* TASK TO COMPLETE:
Please print exactly the lines from the line containing "23k text font" through the end of the data, no more, and keep pictures out of the copy.
[DATASET EXTRACT — start]
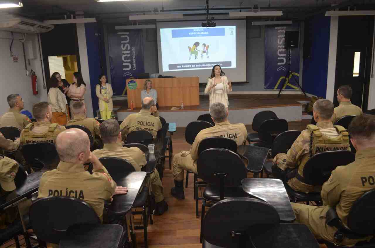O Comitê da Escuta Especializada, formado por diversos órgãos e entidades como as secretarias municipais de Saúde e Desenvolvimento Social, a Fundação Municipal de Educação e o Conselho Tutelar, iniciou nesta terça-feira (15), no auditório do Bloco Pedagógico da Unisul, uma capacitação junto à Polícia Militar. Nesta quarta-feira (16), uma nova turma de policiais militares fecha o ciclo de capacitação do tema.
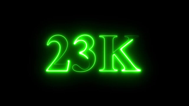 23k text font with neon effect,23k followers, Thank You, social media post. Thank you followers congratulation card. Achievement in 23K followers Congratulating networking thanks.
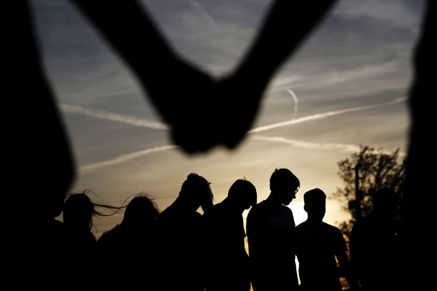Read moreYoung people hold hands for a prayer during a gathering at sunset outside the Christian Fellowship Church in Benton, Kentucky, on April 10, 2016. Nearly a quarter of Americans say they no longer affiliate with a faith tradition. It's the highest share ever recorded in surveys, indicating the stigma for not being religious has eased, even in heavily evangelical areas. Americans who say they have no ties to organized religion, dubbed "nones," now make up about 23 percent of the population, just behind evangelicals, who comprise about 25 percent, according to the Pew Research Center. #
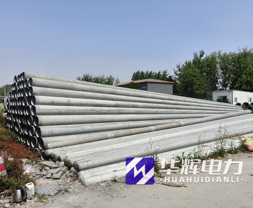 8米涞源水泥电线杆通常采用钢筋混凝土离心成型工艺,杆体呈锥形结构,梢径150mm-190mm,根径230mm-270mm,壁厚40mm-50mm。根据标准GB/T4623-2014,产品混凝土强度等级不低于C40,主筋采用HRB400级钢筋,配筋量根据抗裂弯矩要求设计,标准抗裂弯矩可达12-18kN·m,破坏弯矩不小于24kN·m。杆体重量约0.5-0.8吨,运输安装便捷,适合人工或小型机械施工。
[DATASET EXTRACT — finish]
* RESULT BELOW:
 23k text font with neon effect,23k followers, Thank You, social media post. Thank you followers congratulation card. Achievement in 23K followers Congratulating networking thanks.
Read moreYoung people hold hands for a prayer during a gathering at sunset outside the Christian Fellowship Church in Benton, Kentucky, on April 10, 2016. Nearly a quarter of Americans say they no longer affiliate with a faith tradition. It's the highest share ever recorded in surveys, indicating the stigma for not being religious has eased, even in heavily evangelical areas. Americans who say they have no ties to organized religion, dubbed "nones," now make up about 23 percent of the population, just behind evangelicals, who comprise about 25 percent, according to the Pew Research Center. #
 8米涞源水泥电线杆通常采用钢筋混凝土离心成型工艺,杆体呈锥形结构,梢径150mm-190mm,根径230mm-270mm,壁厚40mm-50mm。根据标准GB/T4623-2014,产品混凝土强度等级不低于C40,主筋采用HRB400级钢筋,配筋量根据抗裂弯矩要求设计,标准抗裂弯矩可达12-18kN·m,破坏弯矩不小于24kN·m。杆体重量约0.5-0.8吨,运输安装便捷,适合人工或小型机械施工。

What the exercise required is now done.